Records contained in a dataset
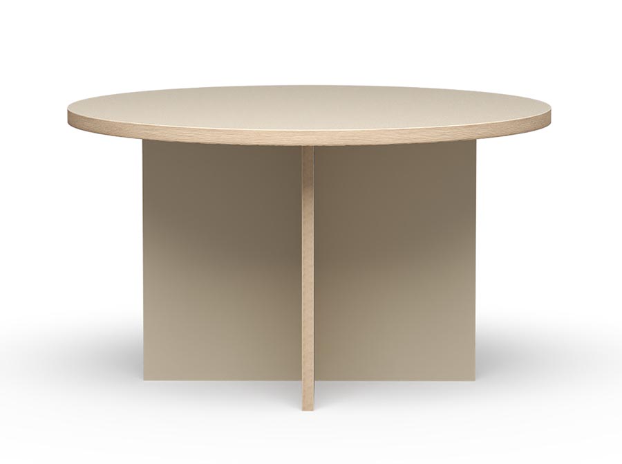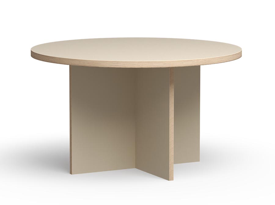 Okrągły stół do kuchni lub jadalni w kolorze beżowym. Wprowadzisz do swojego domu ponadczasowy element wystroju w pięknym, paonadczasowym kolorze.
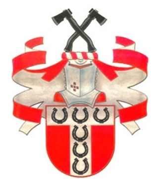 Kilpi: punaisessa kentässä hopeinen lakiopaalu, jossa kuusi mustaa ylöspäin aukeavaa hevosenkenkää, jotka asetettuna 3+1+1+1.
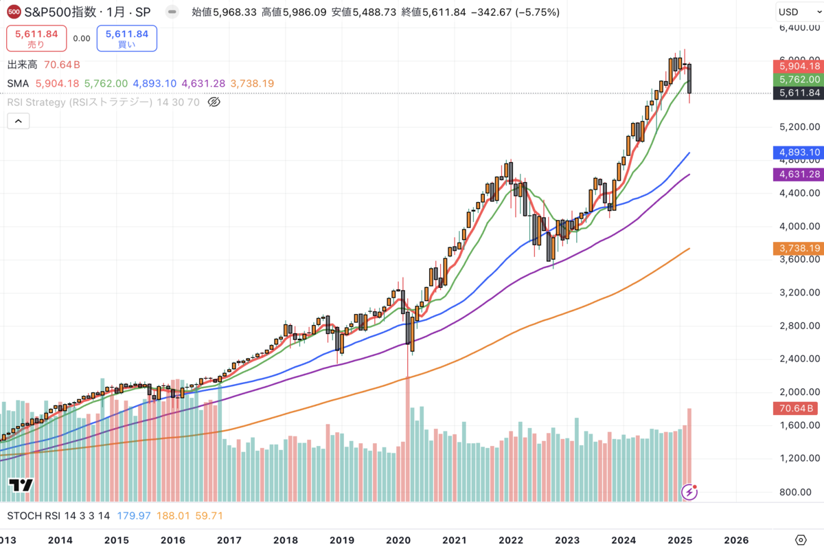 - 🔻 3月は大きな陰線で終了し、5,611ポイント付近で確定(前月比-5.75%)
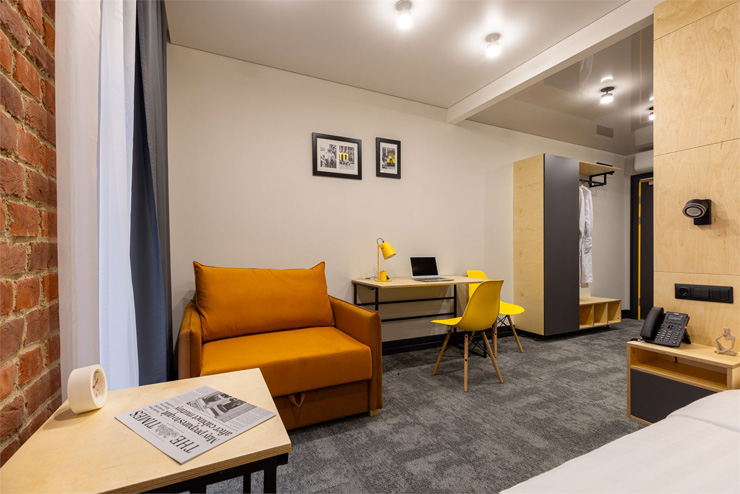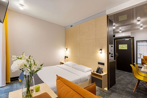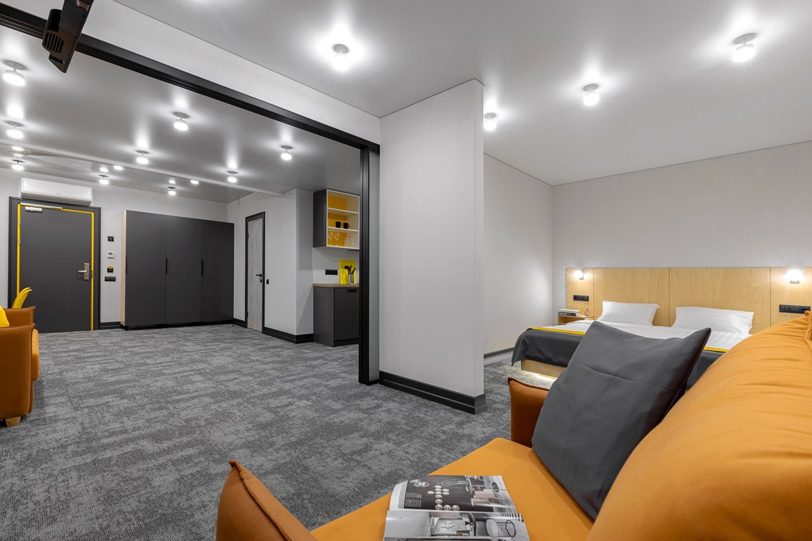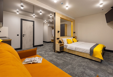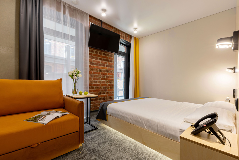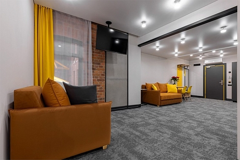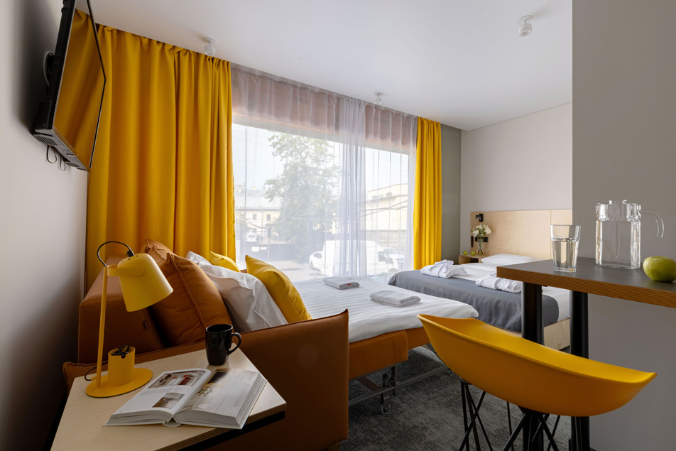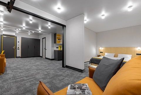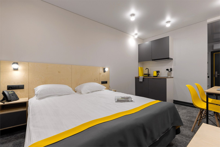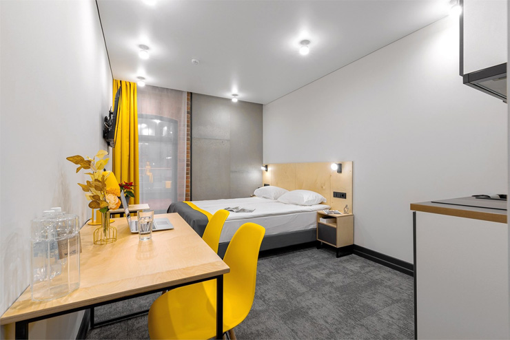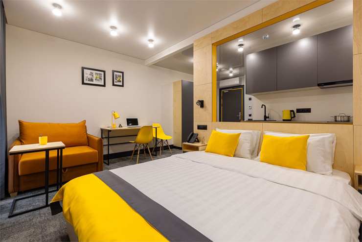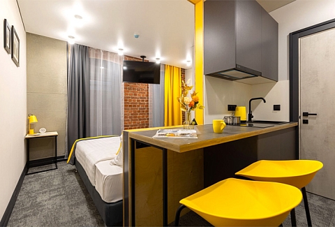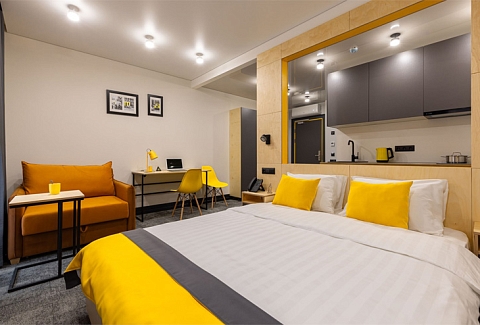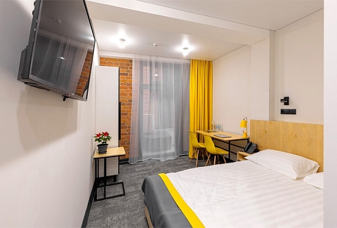 Все категории полностью подготовлены к заселению постояльцев: располагают удобными спальными местами, функциональной мини-кухней, индивидуальной ванной комнатой. Доступно подключение к Wi-Fi. Возможно проживание с питомцем мелкой породы.На территории организованы лаундж- и арт-зоны, библиотека. Во внутреннем дворе у здания обустроена вместительная автостоянка.
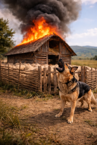 A small wooden sheep shed suddenly caught fire. Flames tore through the roof, and thick black smoke rose fast into the air. Inside the fenced pen, dozens of sheep began to panic, trapped with nowhere to run.
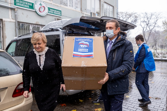 Тирасполь, 1 декабря. /Новости Приднестровья/. Российские парламентарии, находящиеся с визитом в Приднестровье, сегодня передали Приднестровью гуманитарную помощь – средства индивидуальной защиты. Это первая часть масок и перчаток, пояснили депутаты Госдумы от партии «Единая Россия» Артём Туров и Сергей Чижов во время сегодняшней встречи в офисе партии «Обновление». Вторую планируют передать до конца года. Это помощь Приднестровью в борьбе с пандемией коронавируса.
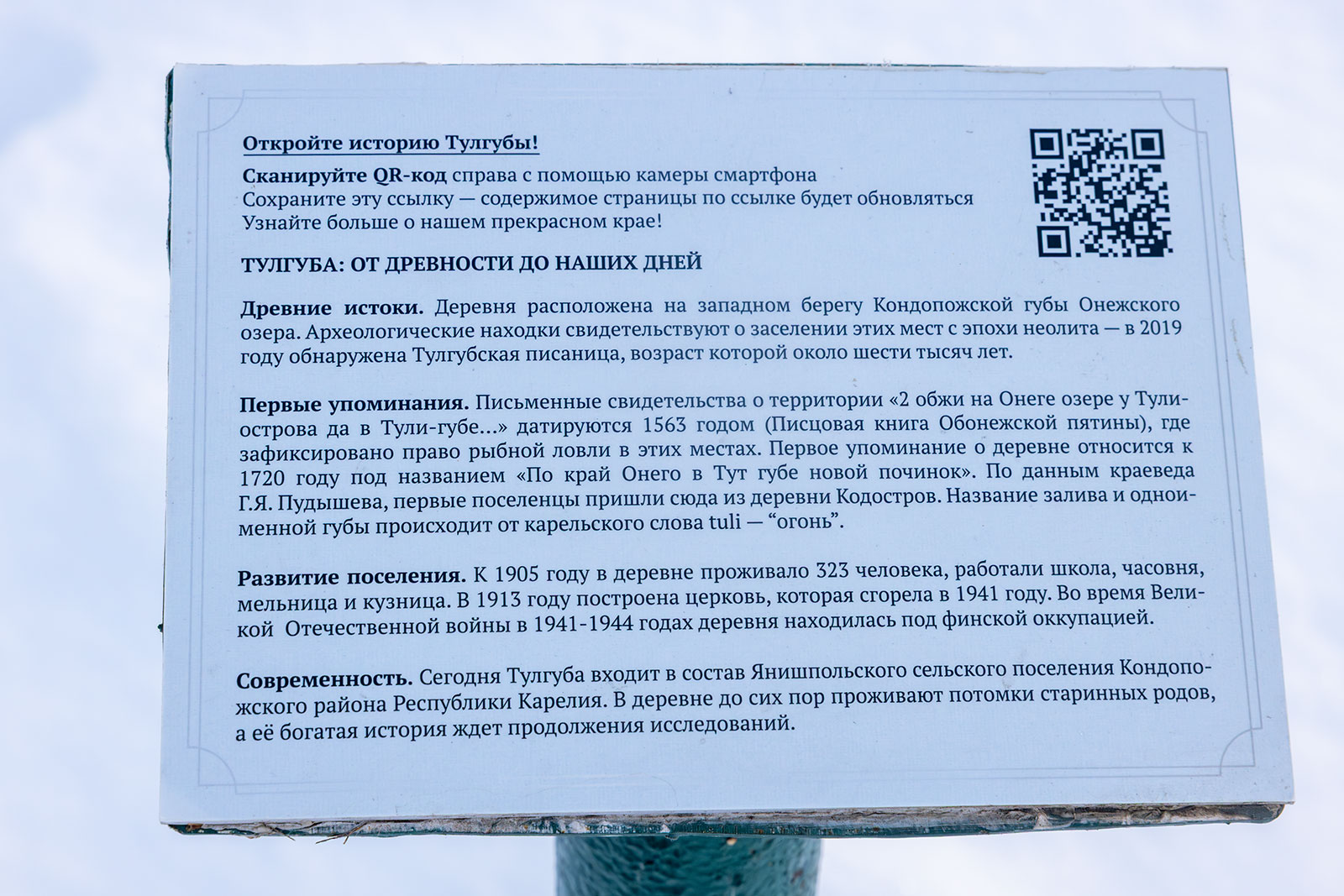 Про Тулгубу можно более подробно прочитать в статье: Тулгуба. Кондопожский район Карелии.
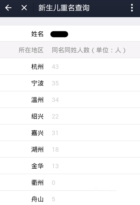 5.查询完毕,系统提示你在全省各地同名的人数量,以便我们取名的时候参考。
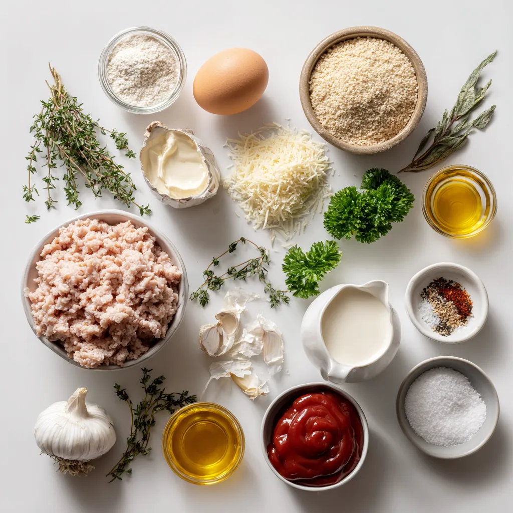 - In a large mixing bowl, combine the ground chicken, breadcrumbs, grated Parmesan cheese, chopped onion, minced garlic, parsley, thyme, oregano, Dijon mustard, egg, and milk.
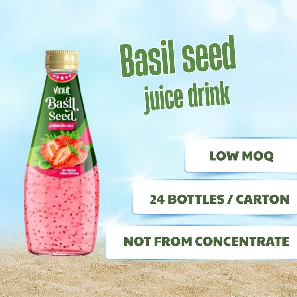 น้ำซุปข้นเมล็ดโหระพาสตรอว์เบอร์รี บรรจุขวดแก้ว 9.8 ออนซ์ (290 มล.) รับผลิตแบบ OEM/ODM แบรนด์ส่วนตัว ขายส่ง
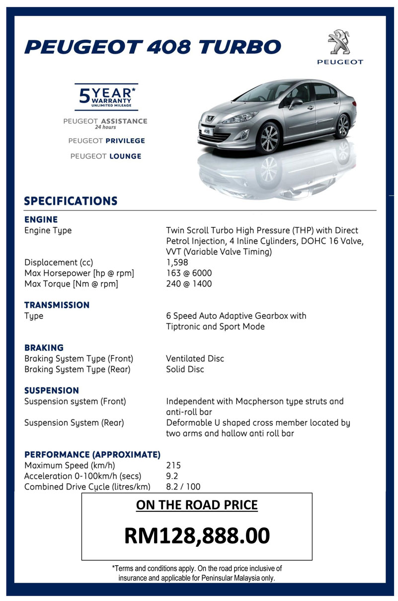 The 408 embodies the guiding spirit of Peugeot design stylists, summed up in very few words; space, performance and elegance. Its design cues are one of balanced proportions and simplicity, thus creating a subtly sleek, pure and sensual ride.

== Your goal ==
From the records above, copy only the lines running from the line containing "Kilpi: punaisessa kentässä" to the line containing "น้ำซุปข้นเมล็ดโหระพาสตรอว์เบอร์รี บรรจุขวดแก้ว 9.8", both ends included. Leave the pictures out.

== Written answer ==
 Kilpi: punaisessa kentässä hopeinen lakiopaalu, jossa kuusi mustaa ylöspäin aukeavaa hevosenkenkää, jotka asetettuna 3+1+1+1.
 - 🔻 3月は大きな陰線で終了し、5,611ポイント付近で確定(前月比-5.75%)
 Все категории полностью подготовлены к заселению постояльцев: располагают удобными спальными местами, функциональной мини-кухней, индивидуальной ванной комнатой. Доступно подключение к Wi-Fi. Возможно проживание с питомцем мелкой породы.На территории организованы лаундж- и арт-зоны, библиотека. Во внутреннем дворе у здания обустроена вместительная автостоянка.
 A small wooden sheep shed suddenly caught fire. Flames tore through the roof, and thick black smoke rose fast into the air. Inside the fenced pen, dozens of sheep began to panic, trapped with nowhere to run.
 Тирасполь, 1 декабря. /Новости Приднестровья/. Российские парламентарии, находящиеся с визитом в Приднестровье, сегодня передали Приднестровью гуманитарную помощь – средства индивидуальной защиты. Это первая часть масок и перчаток, пояснили депутаты Госдумы от партии «Единая Россия» Артём Туров и Сергей Чижов во время сегодняшней встречи в офисе партии «Обновление». Вторую планируют передать до конца года. Это помощь Приднестровью в борьбе с пандемией коронавируса.
 Про Тулгубу можно более подробно прочитать в статье: Тулгуба. Кондопожский район Карелии.
 5.查询完毕,系统提示你在全省各地同名的人数量,以便我们取名的时候参考。
 - In a large mixing bowl, combine the ground chicken, breadcrumbs, grated Parmesan cheese, chopped onion, minced garlic, parsley, thyme, oregano, Dijon mustard, egg, and milk.
 น้ำซุปข้นเมล็ดโหระพาสตรอว์เบอร์รี บรรจุขวดแก้ว 9.8 ออนซ์ (290 มล.) รับผลิตแบบ OEM/ODM แบรนด์ส่วนตัว ขายส่ง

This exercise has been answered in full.